Return the line that has "American Crafts Color" and all lines below it through the last, exactly as they stand; omit pictures.

**Collected data:**
*** Block opens ***

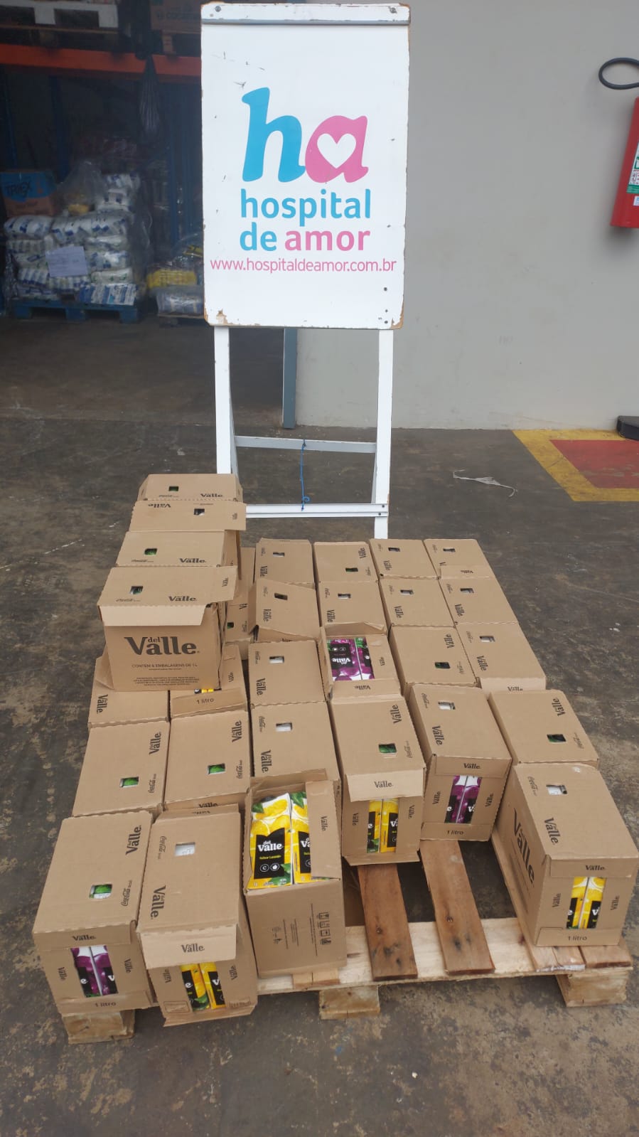 A instituição foi presenteada com 192 litros de suco Dell Vale. Essa doação especial é de extrema importância para o HA.
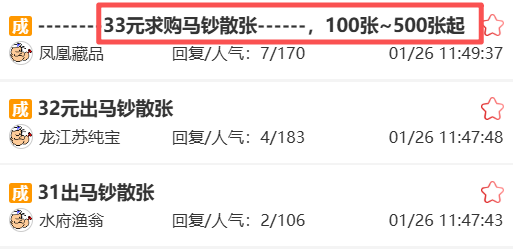 龙钞带4标百稳定在11500元起
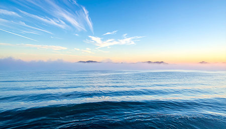 Experience the peaceful beauty of ocean waters under a bright blue sky, where gentle waves create a tranquil scene, enhanced by soft fog on the horizon.
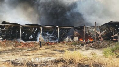 حريق سليمان: النيران تلتهم 5 آلاف متر مربع من مخازن تبريد
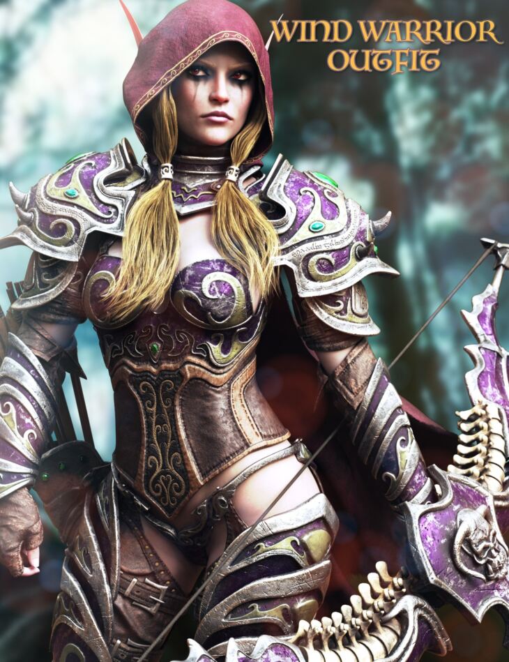 Wind Warrior Outfit combines full-body iron armor for fighting on battlefields with sexy leather outfit ( corset, trousers and gloves) for celebrating days of peace. dForce cloak and bow are rigged.
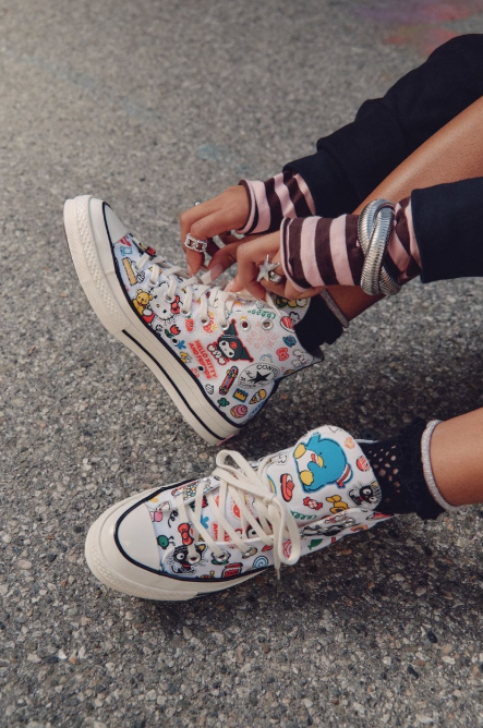 Com modelos para adultos e crianças, a collab apresenta versões exclusivas do Chuck 70 e do Chuck Taylor All Star, além de acessórios que trazem Hello Kitty® e seus amigos em estampas e aplicações especiais. A proposta combina o DNA urbano da Converse com a estética leve e afetiva dos personagens, resultando em uma linha que equilibra nostalgia e atitude contemporânea.
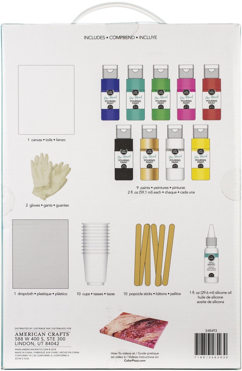 American Crafts Color Pre-Mixed Pour Art Starter Kit w/ Canvas, 348493
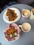 Приятная атмосфера, все вежливые и приветливые ☺️ флэт Уайт - отличный, крепкий как я люблю, зерна со сладковатым ореховым вкусом. Сырники порадовали интересным сочетанием ряженки и домашней нутеллы, кажется обжарены на кокосовом масле. Всё как я люблю 🫶 Заскочила сюда за порцией глюкозы после напряженного экзамена - спасибо, очень понравилось 🥰 чисто и уютно

*** Block closes ***

**RESULT:**
 American Crafts Color Pre-Mixed Pour Art Starter Kit w/ Canvas, 348493
 Приятная атмосфера, все вежливые и приветливые ☺️ флэт Уайт - отличный, крепкий как я люблю, зерна со сладковатым ореховым вкусом. Сырники порадовали интересным сочетанием ряженки и домашней нутеллы, кажется обжарены на кокосовом масле. Всё как я люблю 🫶 Заскочила сюда за порцией глюкозы после напряженного экзамена - спасибо, очень понравилось 🥰 чисто и уютно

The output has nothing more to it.